The current situation on the financing market was considered as yet more restrictive by 72.7 percent of the polled experts, an increase by 5.3 percentage points (pp) since Q2. The remaining panel members reported unchanged conditions, none of them having noted more favourable conditions. The reasons quoted to back this verdict include a relentlessly difficult market situation with restrained transaction activities, a challenging interest environment and high construction costs. Other aspects mentioned were the risk aversion within the finance industry and the high standards applied to borrowers.
What buoyed the barometer score was the higher number of survey respondents (21.2 percent of them, +3.8 pp) who noted an unchanged or recently increased volume of new lendings (rollovers included).
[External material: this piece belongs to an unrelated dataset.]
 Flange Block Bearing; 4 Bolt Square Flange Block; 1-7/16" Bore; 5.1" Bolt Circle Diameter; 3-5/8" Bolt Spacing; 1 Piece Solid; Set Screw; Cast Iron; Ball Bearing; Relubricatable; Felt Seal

A total of 36.3 percent of the experts (-2.7 pp) registered an unchanged or recently decreased volume of new lendings, while 42.4 percent (-1.1 pp) perceived stagnation. Another factor coming into play is the gradual resurgence of lending volumes. For 18.8 percent (+7.6 pp) of the respondents, the average single loan size was back in a range of 50 to 100 million euros. Conversely, the range below ten million euros declined by 8.3 pp to 40.6 percent.
Average margins fell significantly. At the moment, the average margin across all use classes in inventory financing is 217 basis points (Q2 2024: 246 bps) and 312 bps (Q2 2024: 336 bps) in project development financing. Loan-to-value ratios showed a mixed performance quarter over quarter: While the loan-to-value ratio in inventory financing dropped by 3.0 pp to 58.0 percent, the loan-to-cost ratio in property development financing increased by a modest 1.1 pp to 67.3 percent.
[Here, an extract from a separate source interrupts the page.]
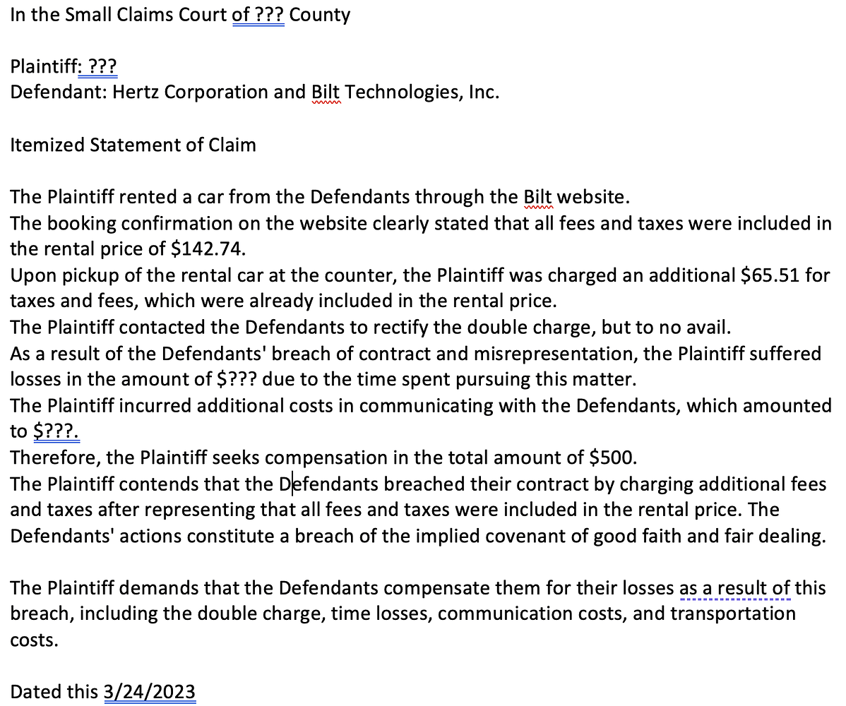 我首先问了ChatGPT4如何在我州我County起诉Hertz, ChatGPT告诉了我county court的网站和步骤

The fact that the rise in refinancing premiums was checked helped to stimulate the barometer score. Additional liquidity costs were thought to be flatlining by 72.4 percent (+16 pp) of the respondents, to be rising by 13.8 percent (-17 pp) and to be falling by another 13.8 percent (+1 pp).
Once again, residential real estate clearly topped the list of answers to the question which use class is prioritised in a bank’s lending policy, as it claimed 84.8 percent of the responses. This contrasts sharply with the picture two years ago: In Q3 2022, no less than 92.3 percent of the experts favoured the financing of office real estate stock, a ratio that has declined to 63.6 percent as of Q3 2024. The willingness to finance office developments took an even steeper nosedive, dropping from 81.8 to 39.4 percent. By contrast, a growing number of financial institutions are prepared to grant loans for hotel projects, with 48.5 percent financing portfolio properties (Q3 2022: 19.2 percent) and 42.4 percent bankrolling new-build developments (Q3 2022: 22.7 percent).
About the Methodology
The BF.Quartalsbarometer is compiled on behalf of BF.direkt AG, a specialist for real estate finance, by analytics firm bulwiengesa AG. The index provides a comprehensive picture of the sentiment and business climate among real estate lenders in Germany.
For the survey underlying the BF.Quartalsbarometer, a total of about 110 experts are polled four times a year, all of whom are directly responsible for approving loans to real estate companies. The panel is staffed with representatives of diverse banks and other types of financiers. The BF.Quartalsbarometer score is compiled from diverse questionnaire components: the assessment of changes in the terms of financing, the performance in new lending, the amount of loan tranches granted, the risk tolerance of lenders by asset class, the level of LTV/LTC ratios, the development of margins, the importance of alternative funding options, and the trend in liquidity costs.